### [Required action]
Could you copy every record below exactly, leaving out the pictures?

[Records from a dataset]

· · · · · · ·

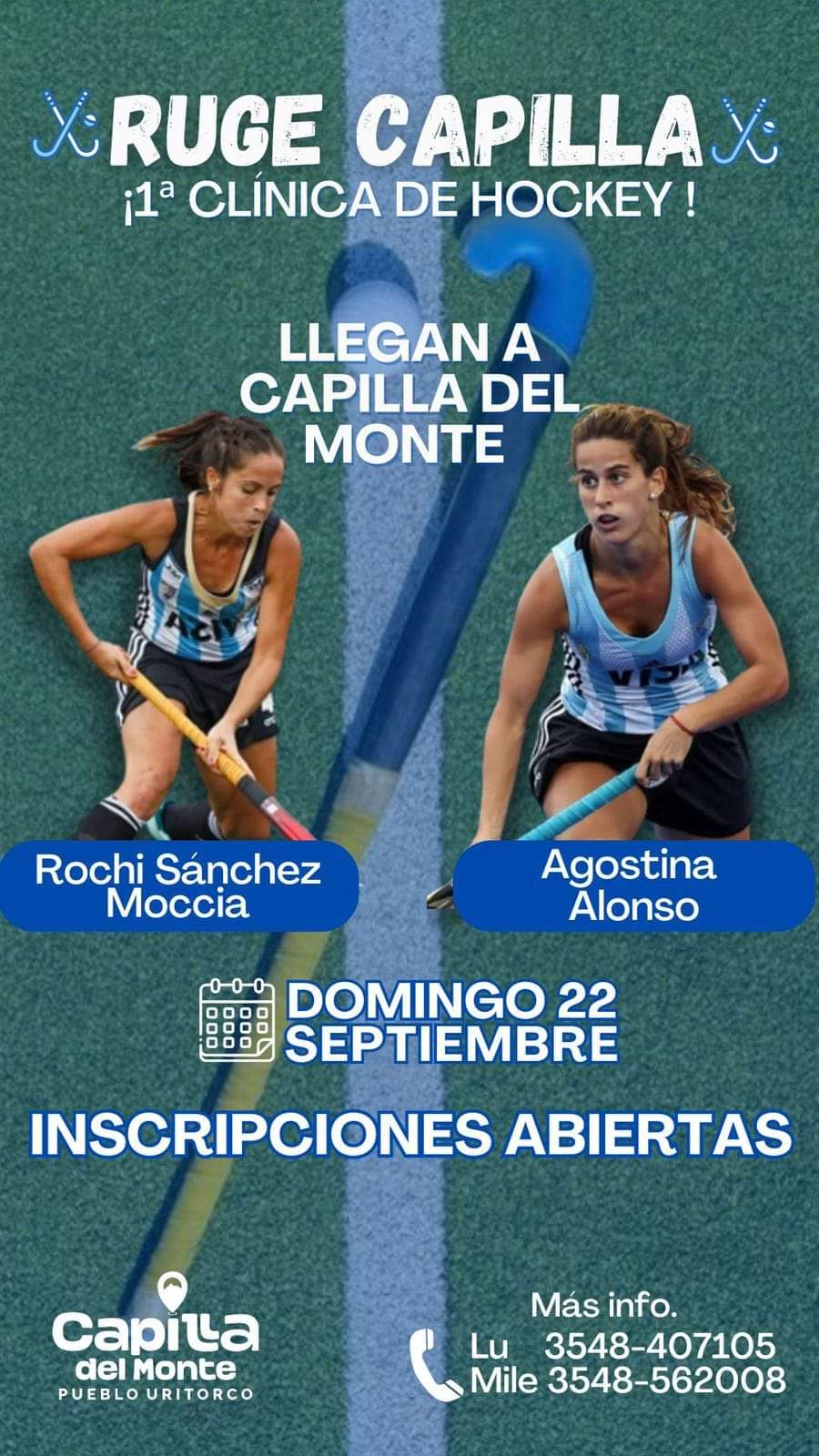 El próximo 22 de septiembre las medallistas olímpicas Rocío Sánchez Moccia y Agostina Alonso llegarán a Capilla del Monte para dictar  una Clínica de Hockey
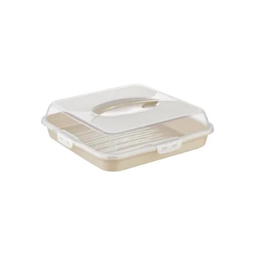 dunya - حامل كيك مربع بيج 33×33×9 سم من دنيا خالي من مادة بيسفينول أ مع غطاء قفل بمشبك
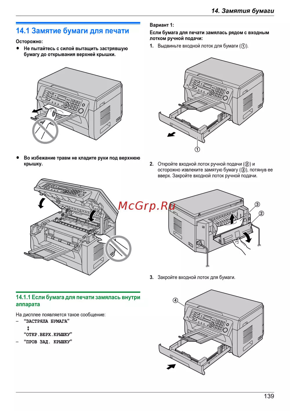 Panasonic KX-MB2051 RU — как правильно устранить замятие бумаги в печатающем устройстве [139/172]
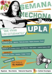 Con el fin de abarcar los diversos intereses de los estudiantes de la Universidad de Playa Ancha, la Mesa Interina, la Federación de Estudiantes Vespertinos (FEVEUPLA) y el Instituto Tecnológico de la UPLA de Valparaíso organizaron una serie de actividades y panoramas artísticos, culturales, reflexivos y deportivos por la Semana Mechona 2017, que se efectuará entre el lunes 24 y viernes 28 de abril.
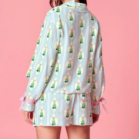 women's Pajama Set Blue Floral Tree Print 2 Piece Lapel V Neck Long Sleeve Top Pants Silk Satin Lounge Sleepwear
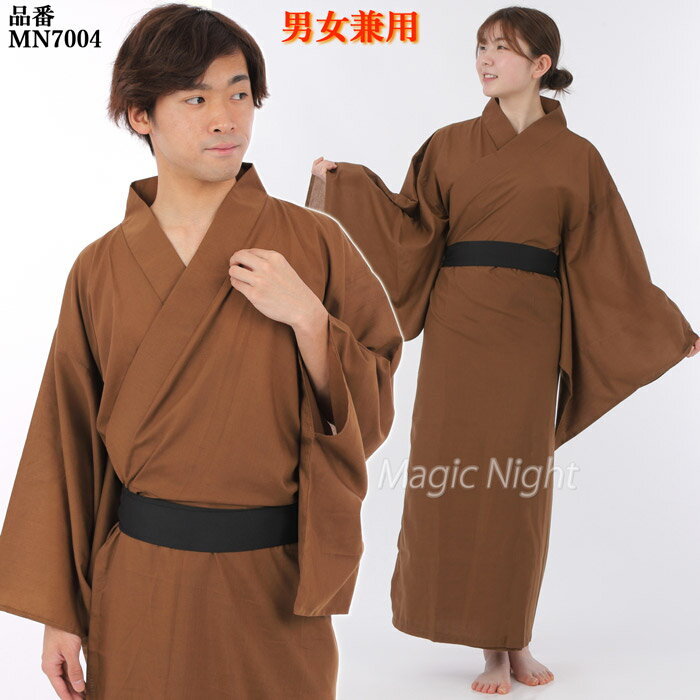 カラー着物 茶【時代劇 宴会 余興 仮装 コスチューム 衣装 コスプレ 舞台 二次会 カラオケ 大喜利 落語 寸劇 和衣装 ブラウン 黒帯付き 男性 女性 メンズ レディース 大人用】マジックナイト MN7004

· · · · · · ·

### [Answer to the exercise]
 El próximo 22 de septiembre las medallistas olímpicas Rocío Sánchez Moccia y Agostina Alonso llegarán a Capilla del Monte para dictar  una Clínica de Hockey
 dunya - حامل كيك مربع بيج 33×33×9 سم من دنيا خالي من مادة بيسفينول أ مع غطاء قفل بمشبك
 Panasonic KX-MB2051 RU — как правильно устранить замятие бумаги в печатающем устройстве [139/172]
 Con el fin de abarcar los diversos intereses de los estudiantes de la Universidad de Playa Ancha, la Mesa Interina, la Federación de Estudiantes Vespertinos (FEVEUPLA) y el Instituto Tecnológico de la UPLA de Valparaíso organizaron una serie de actividades y panoramas artísticos, culturales, reflexivos y deportivos por la Semana Mechona 2017, que se efectuará entre el lunes 24 y viernes 28 de abril.
 women's Pajama Set Blue Floral Tree Print 2 Piece Lapel V Neck Long Sleeve Top Pants Silk Satin Lounge Sleepwear
 カラー着物 茶【時代劇 宴会 余興 仮装 コスチューム 衣装 コスプレ 舞台 二次会 カラオケ 大喜利 落語 寸劇 和衣装 ブラウン 黒帯付き 男性 女性 メンズ レディース 大人用】マジックナイト MN7004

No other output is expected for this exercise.